◆ **WORK REQUIRED**
Word for word, reproduce the listing that follows, excluding any pictures it contains.

◆ **DATA SHOWN**
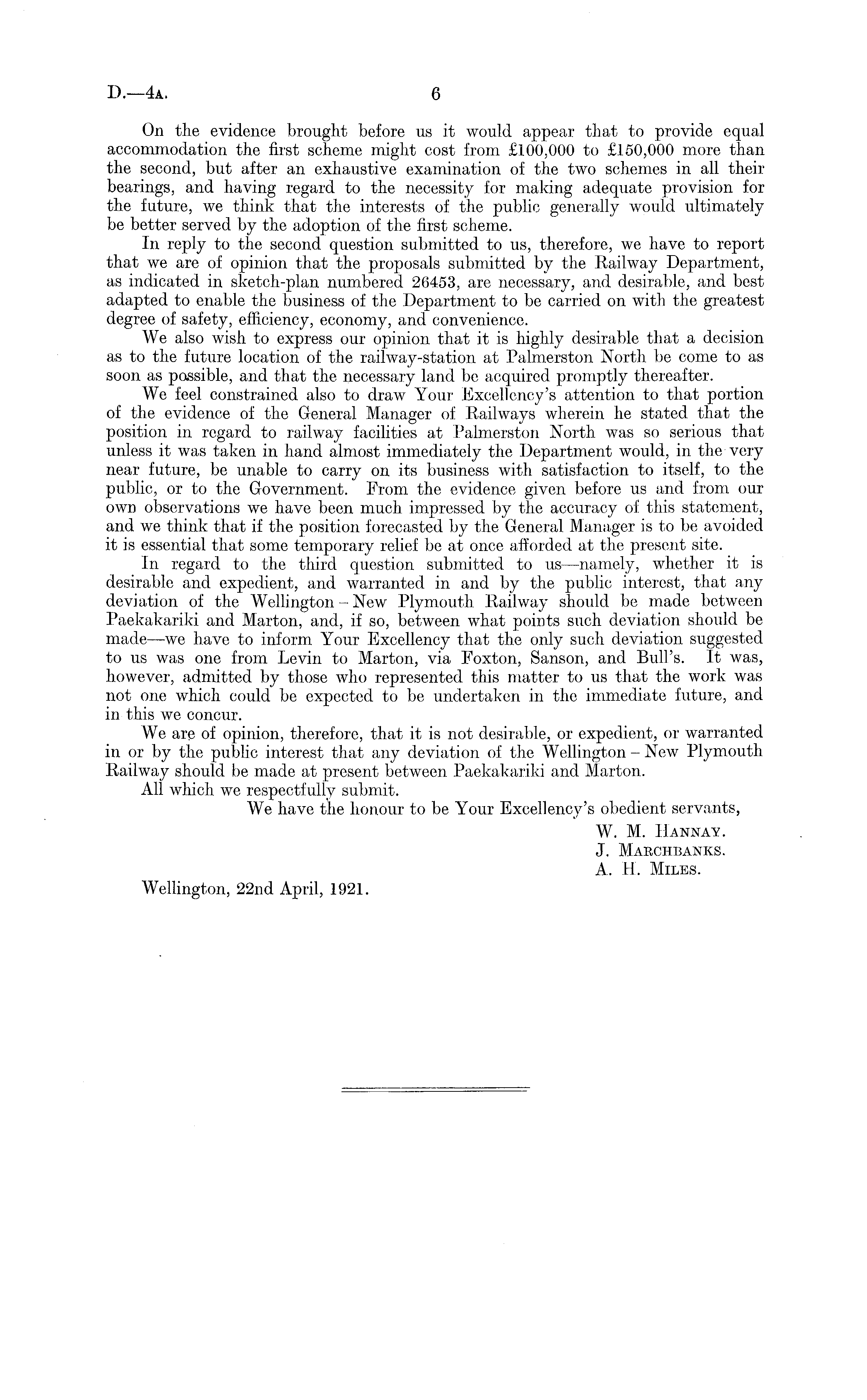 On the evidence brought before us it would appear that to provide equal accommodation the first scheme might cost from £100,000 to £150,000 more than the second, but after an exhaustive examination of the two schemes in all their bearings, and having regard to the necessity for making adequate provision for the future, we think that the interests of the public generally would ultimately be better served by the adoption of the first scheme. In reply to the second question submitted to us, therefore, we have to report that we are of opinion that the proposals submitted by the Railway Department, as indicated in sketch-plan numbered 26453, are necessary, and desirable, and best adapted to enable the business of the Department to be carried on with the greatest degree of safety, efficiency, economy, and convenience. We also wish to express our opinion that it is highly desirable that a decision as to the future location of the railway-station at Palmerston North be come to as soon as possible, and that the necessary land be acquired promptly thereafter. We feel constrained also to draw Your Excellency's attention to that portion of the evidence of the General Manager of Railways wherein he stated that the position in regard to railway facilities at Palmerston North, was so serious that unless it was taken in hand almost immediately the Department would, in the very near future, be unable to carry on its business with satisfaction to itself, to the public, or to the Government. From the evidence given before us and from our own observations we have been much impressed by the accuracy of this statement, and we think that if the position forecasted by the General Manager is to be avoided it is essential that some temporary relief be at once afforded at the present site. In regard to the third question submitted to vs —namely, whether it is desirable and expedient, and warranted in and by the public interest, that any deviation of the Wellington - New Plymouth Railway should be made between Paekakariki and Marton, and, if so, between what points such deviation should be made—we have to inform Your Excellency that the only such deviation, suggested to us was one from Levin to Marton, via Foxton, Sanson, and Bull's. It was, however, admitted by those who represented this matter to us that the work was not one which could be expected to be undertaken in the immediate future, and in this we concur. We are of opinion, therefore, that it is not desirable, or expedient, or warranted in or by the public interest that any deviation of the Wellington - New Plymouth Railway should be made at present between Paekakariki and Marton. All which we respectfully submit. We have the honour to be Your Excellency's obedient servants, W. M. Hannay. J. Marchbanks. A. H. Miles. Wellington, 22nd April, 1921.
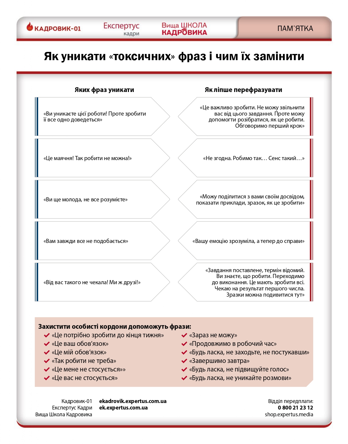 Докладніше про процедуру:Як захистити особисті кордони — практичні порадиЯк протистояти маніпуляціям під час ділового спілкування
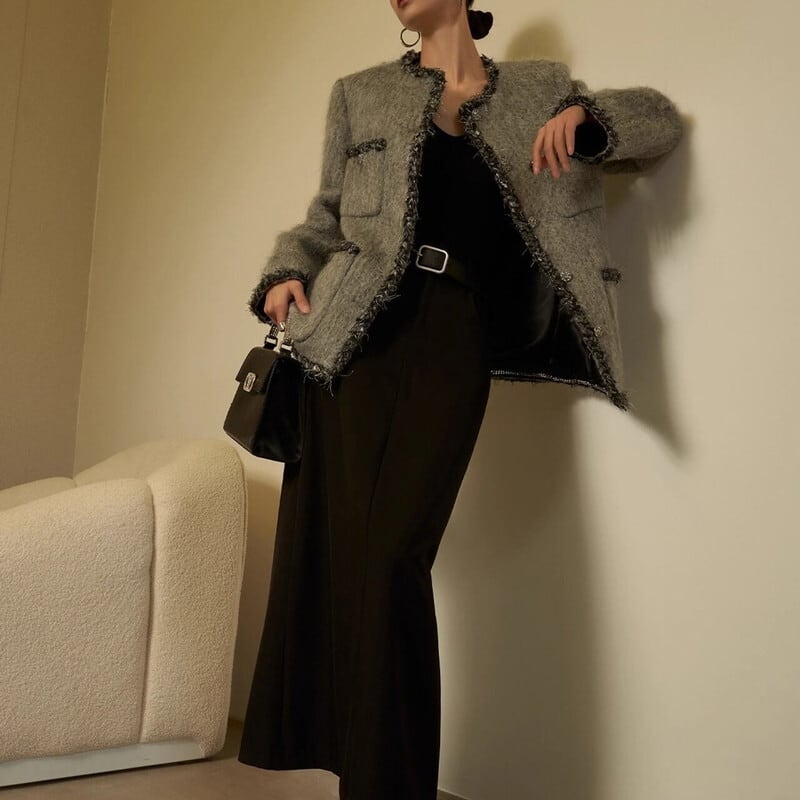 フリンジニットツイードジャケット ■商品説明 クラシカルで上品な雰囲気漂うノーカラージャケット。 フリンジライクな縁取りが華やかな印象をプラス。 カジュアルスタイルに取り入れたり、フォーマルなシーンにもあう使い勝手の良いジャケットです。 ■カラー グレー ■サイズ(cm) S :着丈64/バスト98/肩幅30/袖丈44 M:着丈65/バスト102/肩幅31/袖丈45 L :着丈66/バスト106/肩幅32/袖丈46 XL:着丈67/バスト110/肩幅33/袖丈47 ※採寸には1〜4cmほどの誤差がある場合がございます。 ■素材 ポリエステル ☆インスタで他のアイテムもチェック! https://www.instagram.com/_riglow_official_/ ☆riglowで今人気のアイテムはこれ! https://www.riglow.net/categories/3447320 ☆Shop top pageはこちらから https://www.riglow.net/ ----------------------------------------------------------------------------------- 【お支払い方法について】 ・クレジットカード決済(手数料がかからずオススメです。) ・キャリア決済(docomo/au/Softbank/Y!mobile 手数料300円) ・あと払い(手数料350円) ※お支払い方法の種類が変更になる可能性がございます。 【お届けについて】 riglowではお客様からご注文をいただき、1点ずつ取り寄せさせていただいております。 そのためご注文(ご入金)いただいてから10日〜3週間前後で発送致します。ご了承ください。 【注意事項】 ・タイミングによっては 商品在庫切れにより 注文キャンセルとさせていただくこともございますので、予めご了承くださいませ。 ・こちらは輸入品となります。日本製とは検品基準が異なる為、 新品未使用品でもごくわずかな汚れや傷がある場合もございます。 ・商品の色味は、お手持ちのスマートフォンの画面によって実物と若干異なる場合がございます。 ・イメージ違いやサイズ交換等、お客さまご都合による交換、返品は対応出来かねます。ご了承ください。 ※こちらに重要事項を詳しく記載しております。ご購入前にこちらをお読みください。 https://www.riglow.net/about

◆ **TASK SOLUTION**
 On the evidence brought before us it would appear that to provide equal accommodation the first scheme might cost from £100,000 to £150,000 more than the second, but after an exhaustive examination of the two schemes in all their bearings, and having regard to the necessity for making adequate provision for the future, we think that the interests of the public generally would ultimately be better served by the adoption of the first scheme. In reply to the second question submitted to us, therefore, we have to report that we are of opinion that the proposals submitted by the Railway Department, as indicated in sketch-plan numbered 26453, are necessary, and desirable, and best adapted to enable the business of the Department to be carried on with the greatest degree of safety, efficiency, economy, and convenience. We also wish to express our opinion that it is highly desirable that a decision as to the future location of the railway-station at Palmerston North be come to as soon as possible, and that the necessary land be acquired promptly thereafter. We feel constrained also to draw Your Excellency's attention to that portion of the evidence of the General Manager of Railways wherein he stated that the position in regard to railway facilities at Palmerston North, was so serious that unless it was taken in hand almost immediately the Department would, in the very near future, be unable to carry on its business with satisfaction to itself, to the public, or to the Government. From the evidence given before us and from our own observations we have been much impressed by the accuracy of this statement, and we think that if the position forecasted by the General Manager is to be avoided it is essential that some temporary relief be at once afforded at the present site. In regard to the third question submitted to vs —namely, whether it is desirable and expedient, and warranted in and by the public interest, that any deviation of the Wellington - New Plymouth Railway should be made between Paekakariki and Marton, and, if so, between what points such deviation should be made—we have to inform Your Excellency that the only such deviation, suggested to us was one from Levin to Marton, via Foxton, Sanson, and Bull's. It was, however, admitted by those who represented this matter to us that the work was not one which could be expected to be undertaken in the immediate future, and in this we concur. We are of opinion, therefore, that it is not desirable, or expedient, or warranted in or by the public interest that any deviation of the Wellington - New Plymouth Railway should be made at present between Paekakariki and Marton. All which we respectfully submit. We have the honour to be Your Excellency's obedient servants, W. M. Hannay. J. Marchbanks. A. H. Miles. Wellington, 22nd April, 1921.
 Докладніше про процедуру:Як захистити особисті кордони — практичні порадиЯк протистояти маніпуляціям під час ділового спілкування
 フリンジニットツイードジャケット ■商品説明 クラシカルで上品な雰囲気漂うノーカラージャケット。 フリンジライクな縁取りが華やかな印象をプラス。 カジュアルスタイルに取り入れたり、フォーマルなシーンにもあう使い勝手の良いジャケットです。 ■カラー グレー ■サイズ(cm) S :着丈64/バスト98/肩幅30/袖丈44 M:着丈65/バスト102/肩幅31/袖丈45 L :着丈66/バスト106/肩幅32/袖丈46 XL:着丈67/バスト110/肩幅33/袖丈47 ※採寸には1〜4cmほどの誤差がある場合がございます。 ■素材 ポリエステル ☆インスタで他のアイテムもチェック! https://www.instagram.com/_riglow_official_/ ☆riglowで今人気のアイテムはこれ! https://www.riglow.net/categories/3447320 ☆Shop top pageはこちらから https://www.riglow.net/ ----------------------------------------------------------------------------------- 【お支払い方法について】 ・クレジットカード決済(手数料がかからずオススメです。) ・キャリア決済(docomo/au/Softbank/Y!mobile 手数料300円) ・あと払い(手数料350円) ※お支払い方法の種類が変更になる可能性がございます。 【お届けについて】 riglowではお客様からご注文をいただき、1点ずつ取り寄せさせていただいております。 そのためご注文(ご入金)いただいてから10日〜3週間前後で発送致します。ご了承ください。 【注意事項】 ・タイミングによっては 商品在庫切れにより 注文キャンセルとさせていただくこともございますので、予めご了承くださいませ。 ・こちらは輸入品となります。日本製とは検品基準が異なる為、 新品未使用品でもごくわずかな汚れや傷がある場合もございます。 ・商品の色味は、お手持ちのスマートフォンの画面によって実物と若干異なる場合がございます。 ・イメージ違いやサイズ交換等、お客さまご都合による交換、返品は対応出来かねます。ご了承ください。 ※こちらに重要事項を詳しく記載しております。ご購入前にこちらをお読みください。 https://www.riglow.net/about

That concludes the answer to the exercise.